As I’ve always said, no two projects are the same and all projects are not created equal.

While those are definitely not profound words, we still get perplexed sometimes as to why one project may seem so much harder than all the others. Why do some projects we are managing seem to go off without a hitch (that’s just a perception – they all have hitches), and then others can leave us struggling so much we come out the other side thinking “I am never going to go through this again”?

Related Article: Dealing With Difficult People on the Project Team

My take – from experience, observation and logic – has narrowed it down to five common problems that can make one project stand out from the others in terms of difficulty and issues experienced when all else seems to be about equal.

Please be thinking about your own experiences and reasons as you read these and feel from to share and discuss at the end. Here are my reasons:

1. Different level of complexity

While we think a given project was about the same as other similar projects we have managed or are managing, we eventually find out there was an underlying complexity to the current project that caught us off guard, made it stand out in terms of issues, pain and suffering. Often times when we find this out after the fact, we are faced with rework, missed deadlines, over budget issues, and customer frustrations that only add to the pain and suffering.

Usually this is related to requirements, but it may also be a product of not accurately or fully assessing the project client’s environment and the eventual integration that will be required as part of the project.

2. The unknowns outweigh the knowns

We may not immediately realize this – which can get us into a mess quickly – but the unknowns on the project may actually outweigh the knowns. In short – don’t start until you eliminate as many unknowns as possible!

Very early on – during project kickoff preferably – discuss assumptions and unknowns with the project client. Do they know their environment well enough to move forward? Do they know the real need well enough to move forward? Have they truly identified the real need? Do they understand the impact to the rest of their organization to move forward with the project and the proposed solution? If not, then the implementation phase is going to surprise you and everyone else and likely be very, very painful. You may satisfy one group of end users, and completely stop another group in their tracks who were not intended to be affected at all.

Seriously, if the project client comes in with more questions than answers, you may need to double or triple your planning phase time and budget, or you will live to regret it.

3. The customer is disengaged

While it may seem like a customer who isn’t around to ask questions and slow your team down during a technical project is a blessing, the exact opposite is, in fact, true.

You need the customer to be engaged. You need them available to answer questions, clarify requirements when you hit a questionable area, explain a business process you don’t quite understand, and take care of the project tasks that you have assigned to them.

Yes, many project sponsors have lots of responsibilities other than the project you are managing for them, but you need them available so that key decisions can be made and the project can stay on time and on budget.

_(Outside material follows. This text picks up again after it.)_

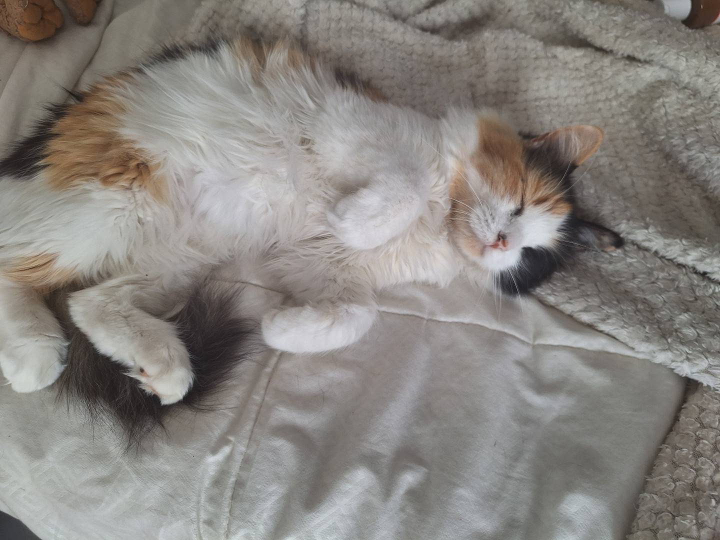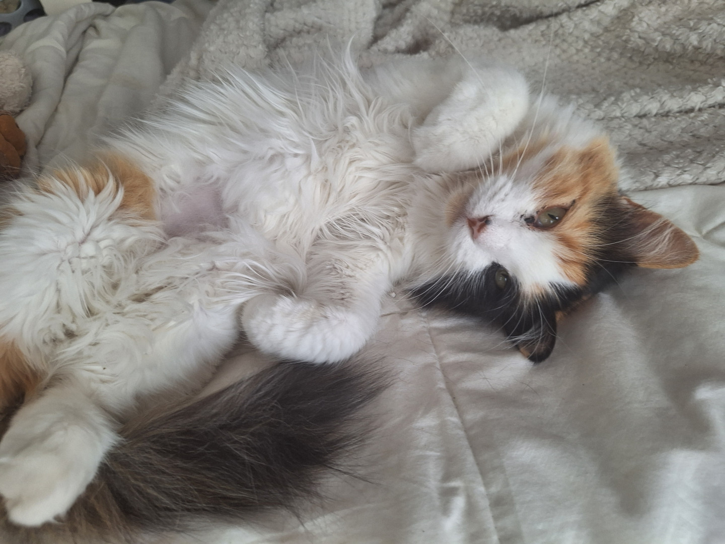 clementine is super cuddley and loves sleeping by my head every night shes kind of a chunk and eats the other cats' food shes super swee

4. The project team is in flux

When your project team is changing or being slowed down by other project responsibilities, team members may have it can cause major issues on a complex project that needs their attention and focus now.

Taking drastic action to replace distracted or overloaded resources is the last thing you want to do as it can be costly and time-consuming. If your team seems to be experiencing issues like this or internal conflicts, try to recognize it as early as possible and be proactive rather than reactive in fixing the problem. The longer you “wait and see if it will fix itself”, the more problems you will have. Rarely does it just fix itself. Rarely does anything just fix itself.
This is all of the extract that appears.